We're recovering from our date last night with margaritas and burgers at Duffy's Love Shack. I don't think Duffy's has a Zagat rating, but they serve some pretty awesome drinks and reasonably good food from a ramshackle building in the middle of a parking lot. They drag tables and chairs out onto the lot, and have at it. It seems to attract a combination of locals and tourists. We've been there several times before, so I guess we're somewhere in between.
We spent one New Year's Eve at the Love Shack with Kate's brother, Scott Davis. I vaguely remember drinking shots of Stoli by placing my open mouth at the bottom of this huge block of ice with sort of a luge course carved in it. The Stoli sluiced down the luge course picking up speed and a good chill before hitting the back of your throat. Only body shots can compete with this as drinking theatre, but I digress..
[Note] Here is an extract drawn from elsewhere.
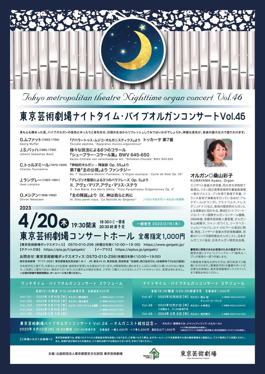 東京芸術劇場ナイトタイム・パイプオルガンコンサート Vol.46 23/4/20(木) 東京芸術劇場 コンサートホール シェア ツイート 夜の静まった時に聴く、パイプオルガンの神聖で雄大な音色 公演情報 ジャンル ピアノ・鍵盤楽器 未就学児童は入場不可。出演者・曲目は都合により変更の可能性あり。公演中止以外のいかなる場合でも、チケットのキャンセルはいたしかねます。 料金 全席指定-1,000円 表示できるチケット情報はありません詳しくはこちら キャスト&スタッフ 出演 桑山彩子 お問い合わせ 東京芸術劇場ボックスオフィス 公式サイト シェア ツイート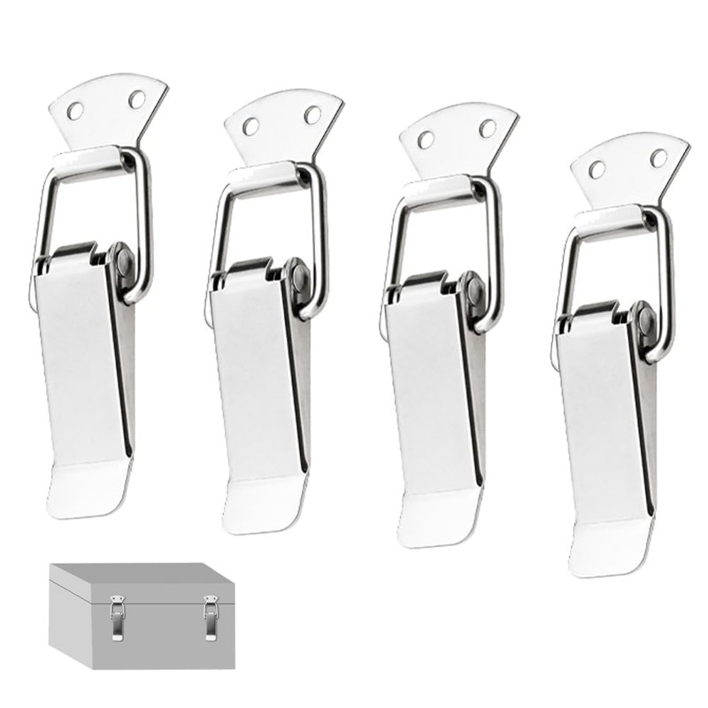 4 PCS Stainless Steel Tension Clasp Small Spring Loaded Toggle Latch Multifunctional Spring Hasp Lock for Boxes Tool Boxes Chests Drawers Cupboards

We've been dealing with typical boat stuff. I've gotten to know my Panda generator intimately over the last several days. The generator charges our batteries when we're not running the engine or hooked up to shore power. It's nice having 120 volts to power our two zone reverse cycle AC system, water heater, and trash compactor. These things don't run off the inverter. We don't have to have the engine or generator running to run other 120 volts stuff like computers, stereo, microwave, etc.. These run nicely off our new Outback inverter/charger which is hooked into our "house" batter bank. The house bank consists of four huge AGM batteries tied together to give us about 800 amps, of which you can only use about 50%. If you take amps out, you need to put 'em back, and most cruisers do this with some combination of running an engine, running a generator, or better yet, from a wind generator or solar panels. We don't have either wind or solar power generating capacity yet, so the generator is important. It's been quitting intermittently lately, and after standing on my head, messing with wires and OHM meters, and spending a lot of time on the phone with Fischer Panda folks in Florida, I've concluded the control panel is shot. That's today's project, once the FedEx guy who was supposed to get here yesterday gets here today with a replacement.
Yesterday, our dinghy motor gave it up on my way to the dock. After checking the fuel, filters, changing the spark plugs, and heating up the plugs with a torch, the damned thing still wouldn't start, so I gave up and loaded the 15 HP Yamaha into some guy's truck who agreed to haul it to some guy named Fred who could look at it "maybe on Monday". I'm still getting used to this "island time" thing that seems to downshift effectiveness and intentionality into some lower gear everywhere.
The dinghy motor gave out one day after a chafed area on tender blew out, affording me the opportunity to learn the fine art of executing a Hypalon patch. After roughing the tender up with 80 grit sandpaper and cleaning it with Toulene, I applied three coats of some adhesive to both the dinghy and the patch. So far I think it's holding. Now the dinghy is probably more important to Sophie than anyone, since she's gotten spoiled by her twice daily jaunts to shore where she can do her business. She's just not adapted well to the electric toilets on board Myananda.
So today we'll see if the Panda control panel comes, and if it does, whether that fixes our intermittent shut down issue. We'll see if the dinghy patch holds. We'll think about waxing the topsides and maybe polishing some stainless. Monday we may get our Yamaha back, and maybe the CMAP cartridge I ordered two weeks ago will arrive at Neptune's. And so it goes.